Pages

Monday, September 24, 2007

Columbia's Folly

I was surprised when I got in the car today and turned on my XM radio to the Spencer Hughes “Fox Across America” show, a program I often listen to when I’m driving in the afternoon. I get a little irritated with Hughes’ abruptness with callers, but that really isn’t all that unusual among talk show hosts, and although he is a fairly conservative guy, I find some of his positions disagreeable.

Today was one day when I disagreed with him, and it was on the topic of Iranian President Mahmoud Ahmadinejad’s address at Columbia University. Hughes was all upset that some people didn’t want Ahmadinejad to speak at Columbia, and tried to paint it as a free speech issue, and he complained that it was therefore improper for the state and federal government to cut off funding to Columbia on that basis.
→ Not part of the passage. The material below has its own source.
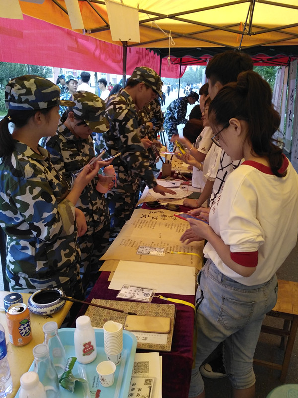 在此次活动中院书法协会成员现场为新生写赠字画,并为新生讲解书画知识。新生对此应热烈,军训结束后便结伴而来,他们留下很多的勉励的词让学长学姐写下挂在宿舍勉励自己,不少新生请学长学姐写感谢的话语送给他们军训教官,表达他们对教官近半个月的辛苦训练与陪伴。也有很多新生勇于尝试,自己亲手书写,体验软笔的魅力。更有不少有软笔功底的跃跃欲试,想小试牛刀。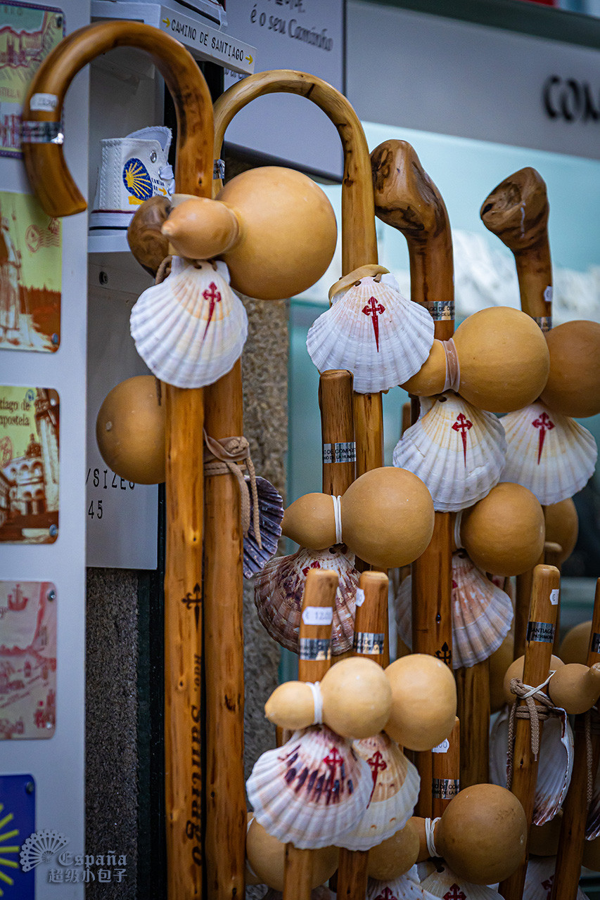 在朝圣之路上徒步的人们,除了每人必备一本“护照”之外,还经常能见到他们背包上挂着一个贝壳。至于这个贝壳的来历众说纷纭:有人说它仿佛是朝圣者张开的手掌;有说法认为它是在朝圣之路上方便人们舀水的容器;有人说这是女神维纳斯的圣印;还有人说这贝壳就象征着西班牙这片大陆,而上面的纹路就仿佛一条条朝圣之路的轨迹。

But this isn’t a free speech issue. Our Constitution guarantees certain unalienable rights to Americans, the right to free speech among them. However, even if Ahmadinejad is entitled to speak freely when he is in the United States because of the freedoms our Constitution guarantees, that guarantee does not include providing a forum for speaking, particularly one such as Columbia University.

We ought to all be upset at Columbia’s hypocrisy, inviting Ahmadinejad to speak, but denying Lawrence Summers, the former Harvard president who got in trouble over some relatively innocuous remarks about females. Does Summers not have at least as much a right to speak at Columbia? We ought to be upset that Columbia will not allow military recruiters on campus, but invites the Iranian president to speak. We ought to be upset that Columbia gave Minuteman founder Jim Gilchrist a forum in which to speak, and then allowed the audience to shout him down. It is a legitimate objection to oppose Ahmadinejad on the basis of Columbia’s hypocrisy.
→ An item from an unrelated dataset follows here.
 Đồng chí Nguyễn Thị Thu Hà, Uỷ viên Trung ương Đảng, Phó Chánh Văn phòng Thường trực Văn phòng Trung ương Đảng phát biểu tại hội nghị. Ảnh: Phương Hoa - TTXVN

It is further fair game to oppose Columbia for its bad judgment in honoring an enemy of our nation, and a terrorist whose nation funds and arms the Iraq insurgents, by giving him a forum in which to spout his anti-US venom. We have little defense when our own citizens go to foreign countries and badmouth us, like the badly confused Congressman Dennis Kucinich recently did in Syria, and self-absorbed boobs like Danny Glover and Harry Belafonte did in Venezuela a while back. It’s is part of the freedoms we protect for people to do stupid things if they want to. But we don’t have to allow foreigners to come here and do it, and it is stupid in the extreme to invite them to do so. And, by the way, does Columbia intend to reimburse New York and the federal government for the security costs involved in this fiasco?

So, if someone in the New York legislature and someone else in the Congress wants to introduce a bill to take funding from Columbia for its hypocrisy and bad judgment, I say, “go for it,” and I hope they succeed.

Some submit that the upshot of all of this, after Ahmadinejad got finished blathering and dodging questions, is that the kids at Columbia will see him for what he is, and he will have lost face by coming here. Maybe so. But in other places around the world, he will have grown in stature and reputation by coming to the land of the Great Satan, and putting America in its place.